--- Provided data Enclosed Below ---

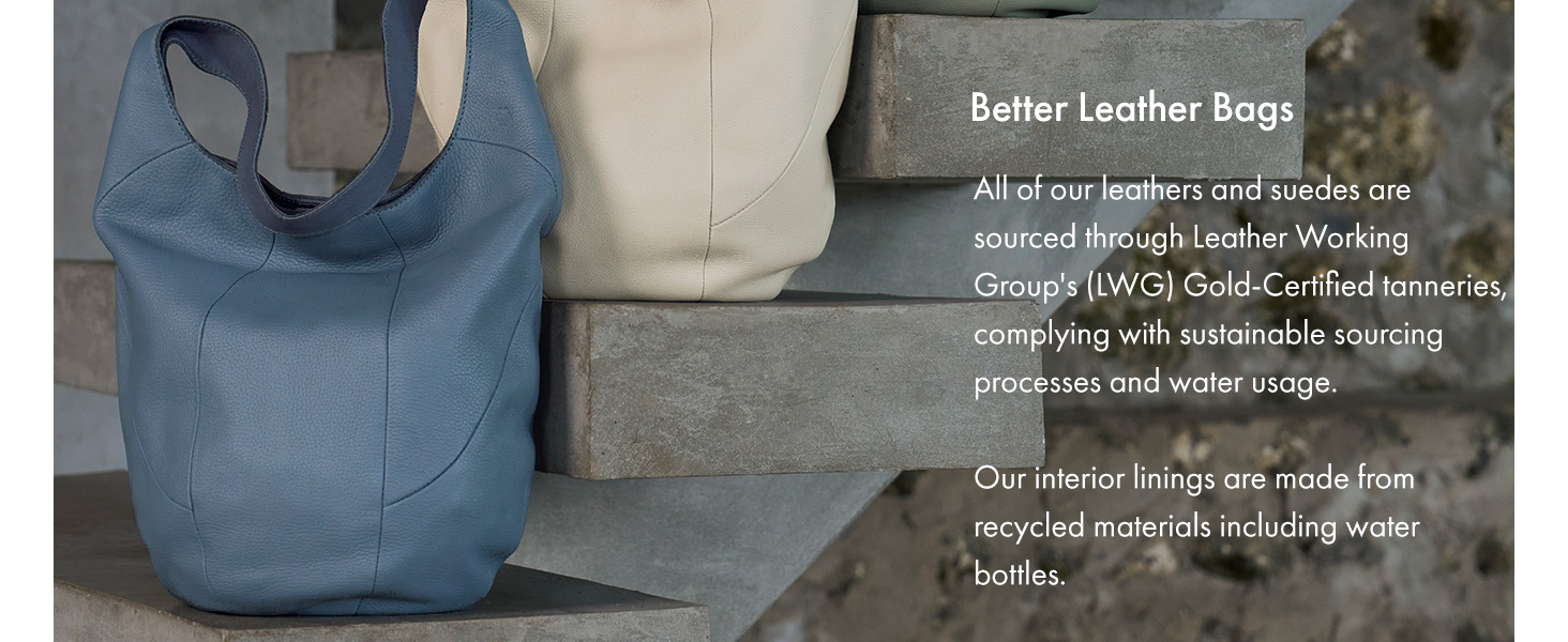 PREMIUM ARTISANAL LEATHER: Bag exterior is leather sourced from a gold-rated certified tannery that complies with environmental sourcing processes & sustainable water usage. Bag interior is PETA-approved & Vegan Certified Repreve Lining
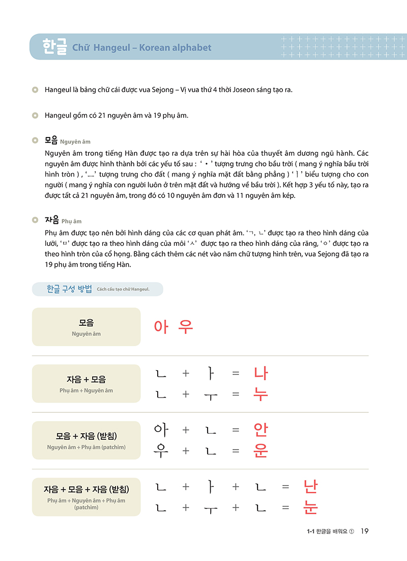 Không giống với ngôn ngữ tiếng Anh chúng ta được làm quen từ khi còn nhỏ, bộ môn tiếng Hàn hầu hết được tiếp cận khi chúng ta đã lớn. Do đó, quá trình này đòi hỏi chúng ta phải tập trung cao độ và có phương pháp học tối ưu nhất để bắt kịp tiến độ học tập. Nếu bạn đã từng băn khoăn không tìm được phương pháp học đúng đắn hay chỉ đơn giản là không chọn được giáo trình ôn luyện tiếng Hàn cho người mới bắt đầu trong vô vàn sách ngoại ngữ trên thị trường, cuốn sách cuốn sáchVitamin tiếng Hàn đem đến cho bạn một sự tổng hợp từ cơ bản đến nâng cao về tiếng Hàn cùng chu trình học thực sự hấp dẫn. Với cuốn sách Vitamin tiếng Hàn, bạn sẽ học như thế nào? Cuốn sách bao gồm 5 chương đi từ những kiến thức căn bản trong tiếng Hàn đến những kỹ năng trong giao tiếp tiếng Hàn thông dụng, được trình bày cụ thể như sau: 1. Chữ Hangeul Hiểu được nguyên lý cấu thành nguyên âm và phụ âm. Làm quen với các từ vựng cơ bản và chữ viết thông qua luyện nghe và viết. 2. Chủ đề và tiêu đề chương Đưa ra các chủ đề sẽ luyện tập ở các chương và thông qua các đề mục của các bài theo chủ đề người đọc có thể đoán được nội dung sẽ học. 3. Mục tiêu học tập và mở đầu mỗi chương Dẫn nhập các nội dung từ vựng, kỹ năng, ngữ pháp ngay ở phần mở đầu mỗi chương giúp người học nhận thức được mục tiêu bài học. Thông qua câu hỏi và các bức tranh, người học có thể đoán được các tình huống và ý nghĩa của mẫu câu theo chủ đề. 4. Từ vựng Từ vựng được tổng hợp theo các chủ đề bằng cách cung cấp các tranh, ảnh để người học đoán nghĩa. 5. Ngữ pháp và luyện tập ngữ pháp Mỗi bài bao gồm ba cấu trúc ngữ pháp và mẫu câu kèm theo các ví dụ, hội thoại, giải thích giúp người học hiểu sự thay đổi hình thái và ý nghĩa các ngữ pháp. Thông qua các hội thoại tình huống, người học có thể nâng cao khả năng sử dụng ngữ pháp của mình. 6. Hội thoại Các hội thoại theo ngữ pháp và các từ vựng chủ đề giúp người học ứng dụng các kiến thức lý thuyết vào luyện tập các kỹ năng hội thoại trong tiếng Hàn. 7. Hoạt động theo chủ đề Đưa ra các hoạt động theo bốn kỹ năng của ngôn ngữ để người học có thể vận dụng các ngữ pháp đã học. Các hoạt động như “nghe/viết”, “đọc/nói” được soạn thảo dưới hình thức đa dạng theo chủ đề 8. Tổng hợp Người học có thể tự kiểm tra ba nội dung đã học của mỗi chương thông qua phần Tổng hợp. Ngoài ra, người học có thể kiểm tra lại phần từ vựng và ngữ pháp đã học và luyện tập thêm thông qua các bài tập theo từng kỹ năng dưới dạng đề thi TOPIK. 9. Bài tập Bài tập là phần giúp bạn học ứng dụng linh hoạt từ vựng và ngữ pháp trong việc luyện tập nâng cao khả năng giao tiếp Tiếng Hàn một cách trôi chảy. 10. Văn hóa Điểm đặc biệt là cuốn sách còn bổ sung những nội dung văn hóa Hàn Quốc liên quan đến chủ đề của chương bằng tranh ảnh kèm theo các chú thích ngắn gọn giúp người học tích lũy thêm những kiến thức văn hóa bổ ích về Hàn Quốc. Với mục đích giúp người đọc có thể dễ dàng nắm bắt những kỹ năng cần thiết trong giao tiếp tiếng Hàn, cuốn sách Vitamin tiếng Hàn sẽ là loại vitamin bổ ích cung cấp nguồn năng lượng cho bạn học ngay từ khi mới bắt đầu.
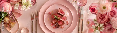 A table with a variety of meat and vegetables, including broccoli, tomatoes, and roses. The table is set for a romantic dinner
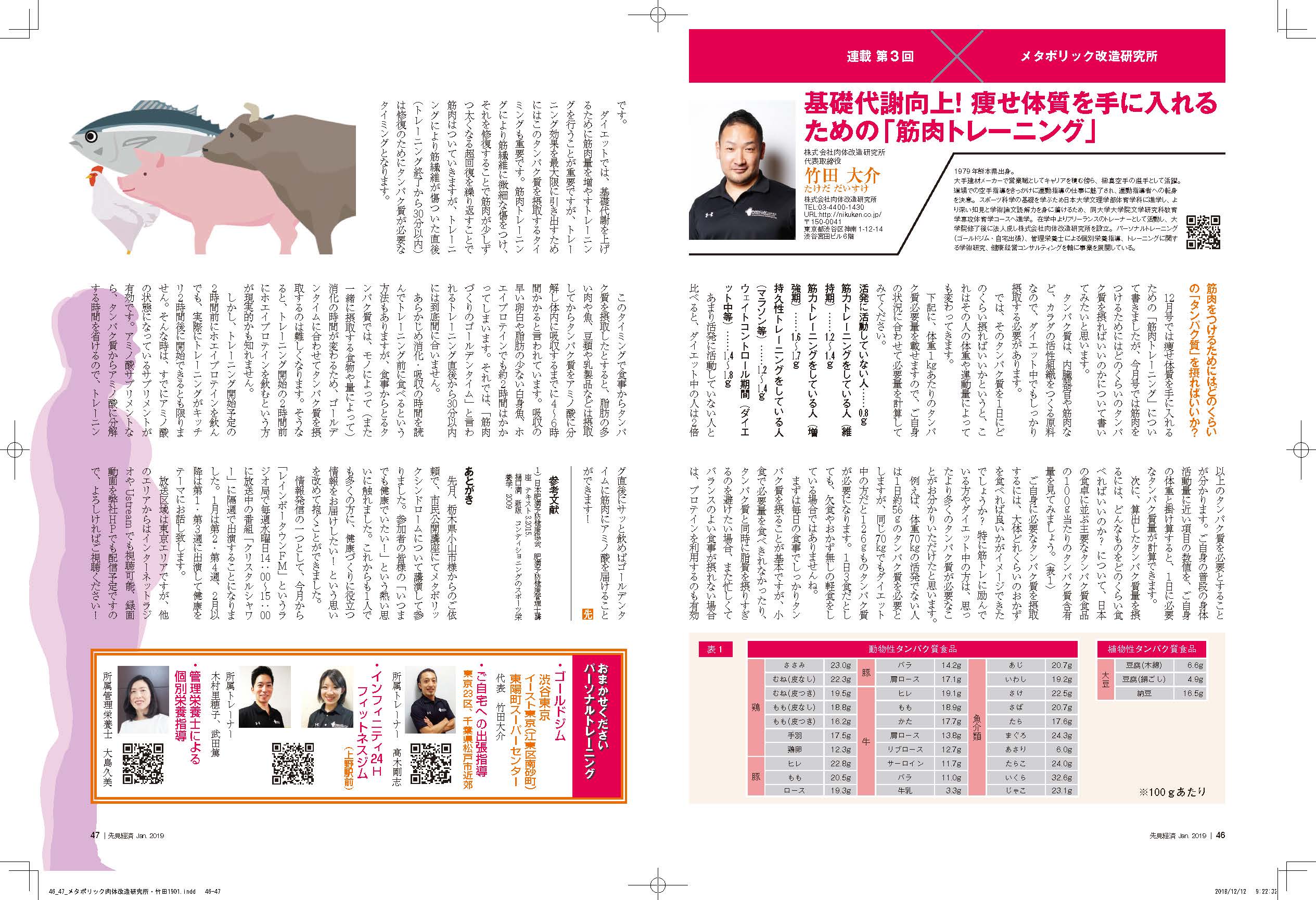先見経済1月号「筋肉をつけるためにはどのくらいの「タンパク質」を摂ればいいか?」
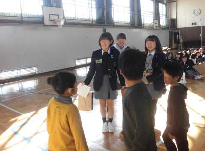 池之上小学校では、国際理解の推進として、年3回、近くの都立国際高等学校の生徒の皆さんとの交流活動を行っています。1月19日に第2回目の活動を行いました。子供たちが体育館に高校生たちをお迎えに行きます。みんな緊張気味でしたが、目を見てあいさつしてコミュニケーションを交わすと、あっという間に笑顔が広がりました。
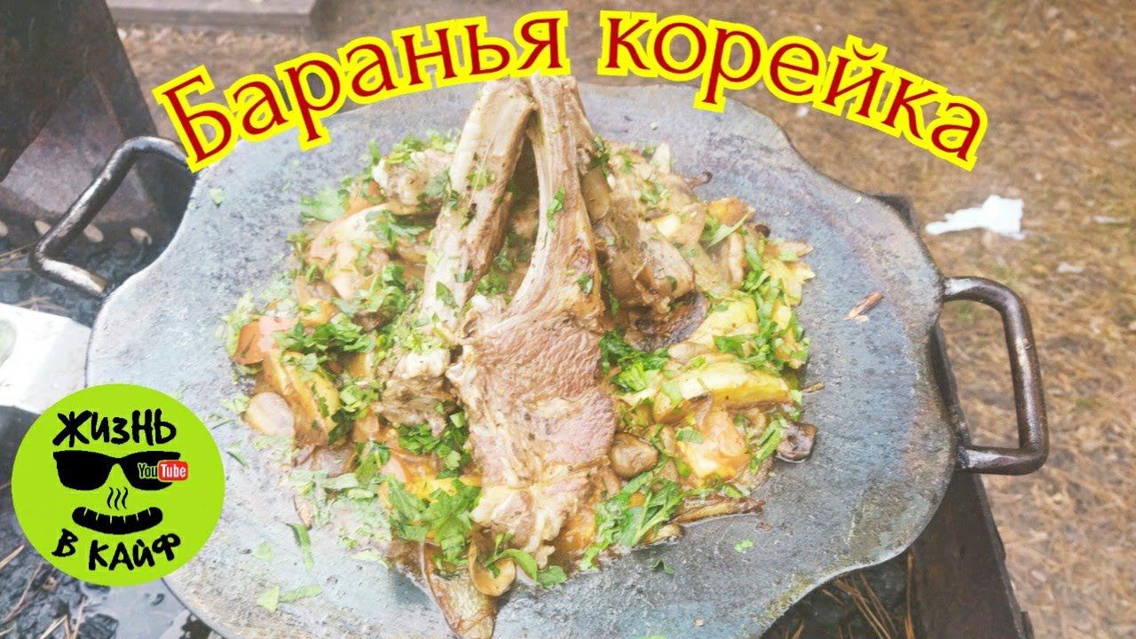 Баранья корейка с овощами на садже из бороны

--- End of Enclosed Provided data ---

Work request:
Could you print all the entries exactly as they stand, with the pictures left out?

Completed task:
 PREMIUM ARTISANAL LEATHER: Bag exterior is leather sourced from a gold-rated certified tannery that complies with environmental sourcing processes & sustainable water usage. Bag interior is PETA-approved & Vegan Certified Repreve Lining
 Không giống với ngôn ngữ tiếng Anh chúng ta được làm quen từ khi còn nhỏ, bộ môn tiếng Hàn hầu hết được tiếp cận khi chúng ta đã lớn. Do đó, quá trình này đòi hỏi chúng ta phải tập trung cao độ và có phương pháp học tối ưu nhất để bắt kịp tiến độ học tập. Nếu bạn đã từng băn khoăn không tìm được phương pháp học đúng đắn hay chỉ đơn giản là không chọn được giáo trình ôn luyện tiếng Hàn cho người mới bắt đầu trong vô vàn sách ngoại ngữ trên thị trường, cuốn sách cuốn sáchVitamin tiếng Hàn đem đến cho bạn một sự tổng hợp từ cơ bản đến nâng cao về tiếng Hàn cùng chu trình học thực sự hấp dẫn. Với cuốn sách Vitamin tiếng Hàn, bạn sẽ học như thế nào? Cuốn sách bao gồm 5 chương đi từ những kiến thức căn bản trong tiếng Hàn đến những kỹ năng trong giao tiếp tiếng Hàn thông dụng, được trình bày cụ thể như sau: 1. Chữ Hangeul Hiểu được nguyên lý cấu thành nguyên âm và phụ âm. Làm quen với các từ vựng cơ bản và chữ viết thông qua luyện nghe và viết. 2. Chủ đề và tiêu đề chương Đưa ra các chủ đề sẽ luyện tập ở các chương và thông qua các đề mục của các bài theo chủ đề người đọc có thể đoán được nội dung sẽ học. 3. Mục tiêu học tập và mở đầu mỗi chương Dẫn nhập các nội dung từ vựng, kỹ năng, ngữ pháp ngay ở phần mở đầu mỗi chương giúp người học nhận thức được mục tiêu bài học. Thông qua câu hỏi và các bức tranh, người học có thể đoán được các tình huống và ý nghĩa của mẫu câu theo chủ đề. 4. Từ vựng Từ vựng được tổng hợp theo các chủ đề bằng cách cung cấp các tranh, ảnh để người học đoán nghĩa. 5. Ngữ pháp và luyện tập ngữ pháp Mỗi bài bao gồm ba cấu trúc ngữ pháp và mẫu câu kèm theo các ví dụ, hội thoại, giải thích giúp người học hiểu sự thay đổi hình thái và ý nghĩa các ngữ pháp. Thông qua các hội thoại tình huống, người học có thể nâng cao khả năng sử dụng ngữ pháp của mình. 6. Hội thoại Các hội thoại theo ngữ pháp và các từ vựng chủ đề giúp người học ứng dụng các kiến thức lý thuyết vào luyện tập các kỹ năng hội thoại trong tiếng Hàn. 7. Hoạt động theo chủ đề Đưa ra các hoạt động theo bốn kỹ năng của ngôn ngữ để người học có thể vận dụng các ngữ pháp đã học. Các hoạt động như “nghe/viết”, “đọc/nói” được soạn thảo dưới hình thức đa dạng theo chủ đề 8. Tổng hợp Người học có thể tự kiểm tra ba nội dung đã học của mỗi chương thông qua phần Tổng hợp. Ngoài ra, người học có thể kiểm tra lại phần từ vựng và ngữ pháp đã học và luyện tập thêm thông qua các bài tập theo từng kỹ năng dưới dạng đề thi TOPIK. 9. Bài tập Bài tập là phần giúp bạn học ứng dụng linh hoạt từ vựng và ngữ pháp trong việc luyện tập nâng cao khả năng giao tiếp Tiếng Hàn một cách trôi chảy. 10. Văn hóa Điểm đặc biệt là cuốn sách còn bổ sung những nội dung văn hóa Hàn Quốc liên quan đến chủ đề của chương bằng tranh ảnh kèm theo các chú thích ngắn gọn giúp người học tích lũy thêm những kiến thức văn hóa bổ ích về Hàn Quốc. Với mục đích giúp người đọc có thể dễ dàng nắm bắt những kỹ năng cần thiết trong giao tiếp tiếng Hàn, cuốn sách Vitamin tiếng Hàn sẽ là loại vitamin bổ ích cung cấp nguồn năng lượng cho bạn học ngay từ khi mới bắt đầu.
 A table with a variety of meat and vegetables, including broccoli, tomatoes, and roses. The table is set for a romantic dinner
先見経済1月号「筋肉をつけるためにはどのくらいの「タンパク質」を摂ればいいか?」
 池之上小学校では、国際理解の推進として、年3回、近くの都立国際高等学校の生徒の皆さんとの交流活動を行っています。1月19日に第2回目の活動を行いました。子供たちが体育館に高校生たちをお迎えに行きます。みんな緊張気味でしたが、目を見てあいさつしてコミュニケーションを交わすと、あっという間に笑顔が広がりました。
 Баранья корейка с овощами на садже из бороны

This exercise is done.